Leaving out any pictures, print the entries that follow exactly as they stand.

=======

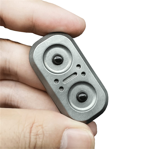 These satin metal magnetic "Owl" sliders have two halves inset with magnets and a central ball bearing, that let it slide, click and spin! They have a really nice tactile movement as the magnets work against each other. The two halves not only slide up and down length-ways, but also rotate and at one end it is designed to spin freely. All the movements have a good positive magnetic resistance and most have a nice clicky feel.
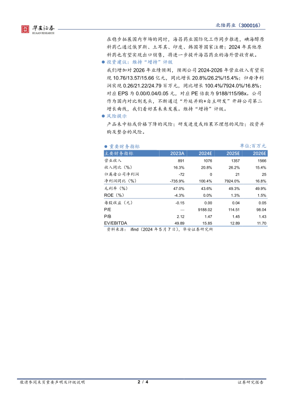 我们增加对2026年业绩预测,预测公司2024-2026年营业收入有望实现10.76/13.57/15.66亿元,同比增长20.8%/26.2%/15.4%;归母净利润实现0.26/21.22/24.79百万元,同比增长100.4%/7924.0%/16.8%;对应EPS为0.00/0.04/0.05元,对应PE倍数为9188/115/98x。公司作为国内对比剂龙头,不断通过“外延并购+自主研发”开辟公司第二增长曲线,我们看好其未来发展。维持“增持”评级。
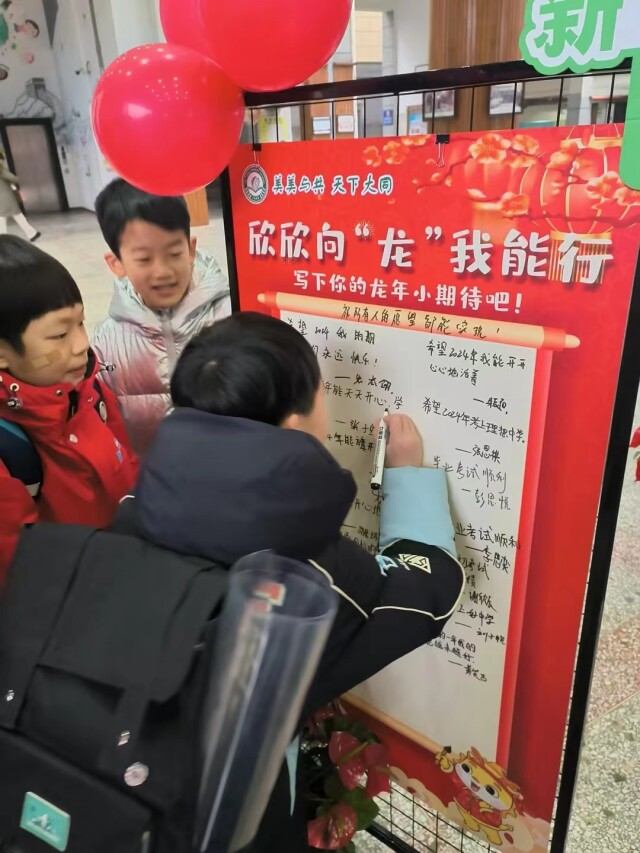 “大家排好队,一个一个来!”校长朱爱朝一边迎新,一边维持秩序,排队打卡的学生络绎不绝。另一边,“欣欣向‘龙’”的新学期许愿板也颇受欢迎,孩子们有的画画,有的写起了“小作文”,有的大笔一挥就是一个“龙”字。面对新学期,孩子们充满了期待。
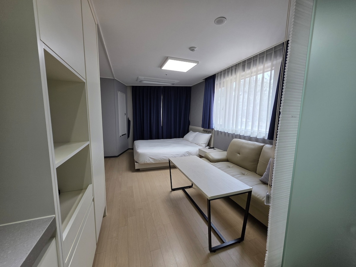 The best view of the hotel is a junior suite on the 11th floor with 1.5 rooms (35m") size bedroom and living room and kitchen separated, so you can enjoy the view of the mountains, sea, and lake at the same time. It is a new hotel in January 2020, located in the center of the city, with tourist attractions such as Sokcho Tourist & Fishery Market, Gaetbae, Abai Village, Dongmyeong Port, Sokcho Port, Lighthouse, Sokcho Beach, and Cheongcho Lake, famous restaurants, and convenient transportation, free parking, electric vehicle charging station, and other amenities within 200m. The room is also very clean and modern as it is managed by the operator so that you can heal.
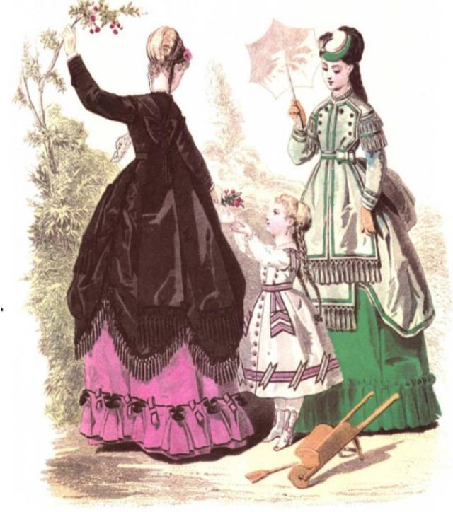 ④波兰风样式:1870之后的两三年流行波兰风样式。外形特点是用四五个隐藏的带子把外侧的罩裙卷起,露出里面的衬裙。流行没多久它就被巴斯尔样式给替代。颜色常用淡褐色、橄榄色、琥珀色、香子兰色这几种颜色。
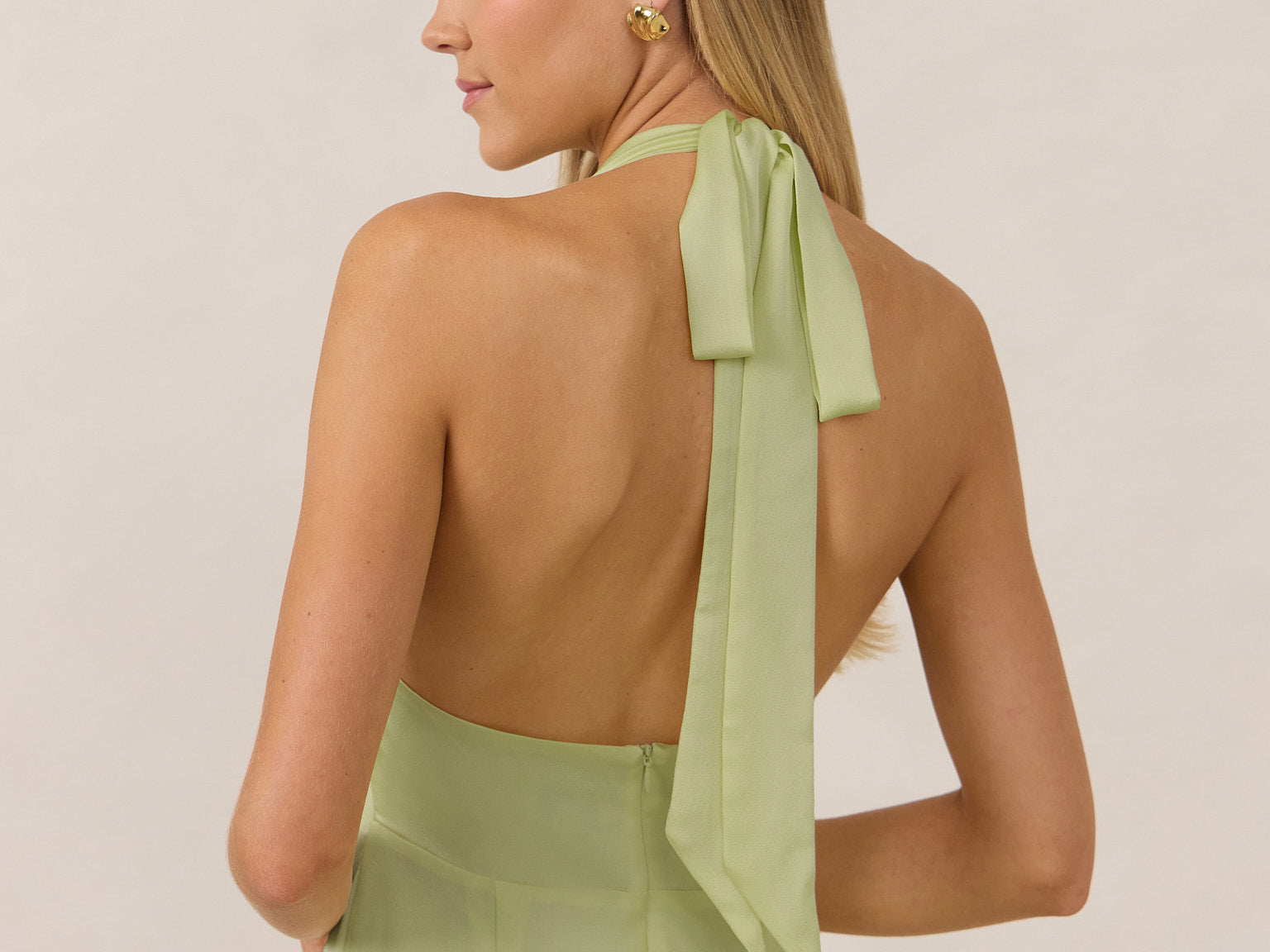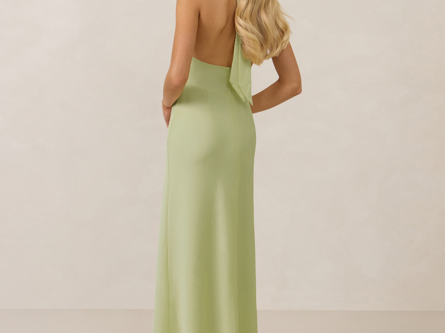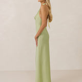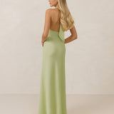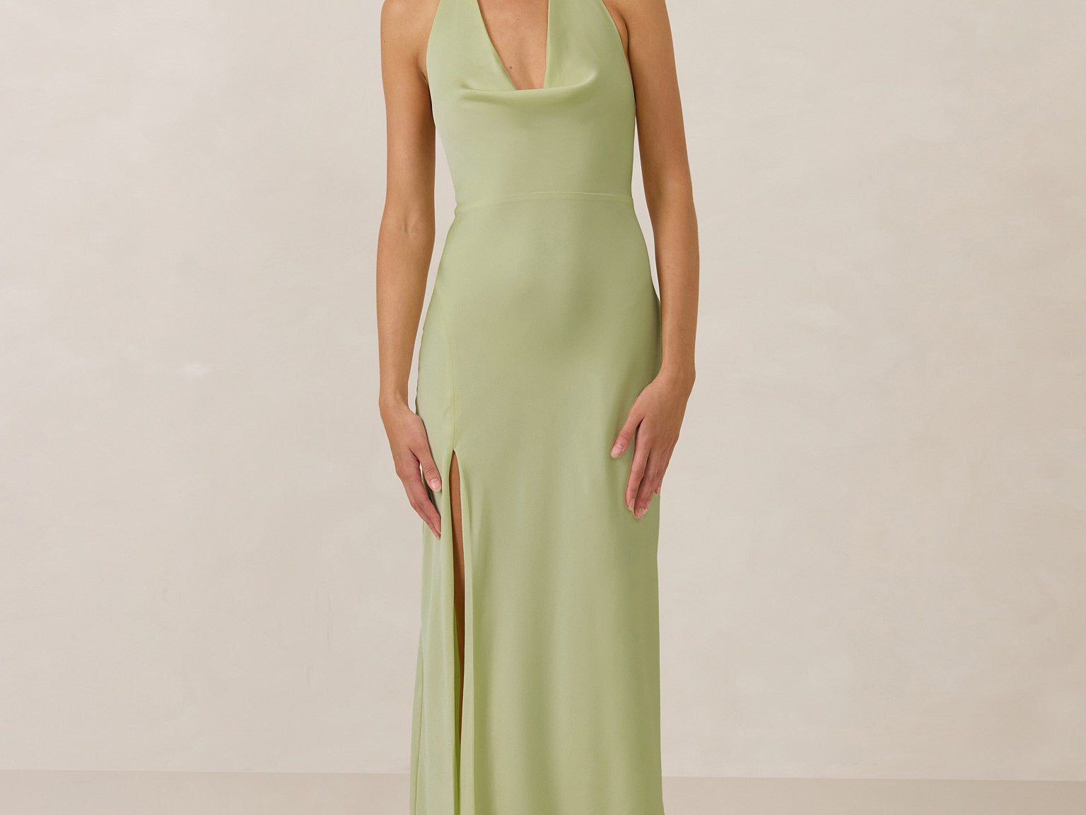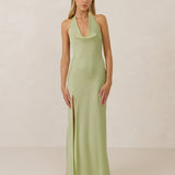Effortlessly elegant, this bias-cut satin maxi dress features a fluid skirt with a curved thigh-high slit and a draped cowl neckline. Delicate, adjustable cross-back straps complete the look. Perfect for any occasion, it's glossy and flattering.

=======

→ Task result:
 These satin metal magnetic "Owl" sliders have two halves inset with magnets and a central ball bearing, that let it slide, click and spin! They have a really nice tactile movement as the magnets work against each other. The two halves not only slide up and down length-ways, but also rotate and at one end it is designed to spin freely. All the movements have a good positive magnetic resistance and most have a nice clicky feel.
 我们增加对2026年业绩预测,预测公司2024-2026年营业收入有望实现10.76/13.57/15.66亿元,同比增长20.8%/26.2%/15.4%;归母净利润实现0.26/21.22/24.79百万元,同比增长100.4%/7924.0%/16.8%;对应EPS为0.00/0.04/0.05元,对应PE倍数为9188/115/98x。公司作为国内对比剂龙头,不断通过“外延并购+自主研发”开辟公司第二增长曲线,我们看好其未来发展。维持“增持”评级。
 “大家排好队,一个一个来!”校长朱爱朝一边迎新,一边维持秩序,排队打卡的学生络绎不绝。另一边,“欣欣向‘龙’”的新学期许愿板也颇受欢迎,孩子们有的画画,有的写起了“小作文”,有的大笔一挥就是一个“龙”字。面对新学期,孩子们充满了期待。
 The best view of the hotel is a junior suite on the 11th floor with 1.5 rooms (35m") size bedroom and living room and kitchen separated, so you can enjoy the view of the mountains, sea, and lake at the same time. It is a new hotel in January 2020, located in the center of the city, with tourist attractions such as Sokcho Tourist & Fishery Market, Gaetbae, Abai Village, Dongmyeong Port, Sokcho Port, Lighthouse, Sokcho Beach, and Cheongcho Lake, famous restaurants, and convenient transportation, free parking, electric vehicle charging station, and other amenities within 200m. The room is also very clean and modern as it is managed by the operator so that you can heal.
 ④波兰风样式:1870之后的两三年流行波兰风样式。外形特点是用四五个隐藏的带子把外侧的罩裙卷起,露出里面的衬裙。流行没多久它就被巴斯尔样式给替代。颜色常用淡褐色、橄榄色、琥珀色、香子兰色这几种颜色。
Effortlessly elegant, this bias-cut satin maxi dress features a fluid skirt with a curved thigh-high slit and a draped cowl neckline. Delicate, adjustable cross-back straps complete the look. Perfect for any occasion, it's glossy and flattering.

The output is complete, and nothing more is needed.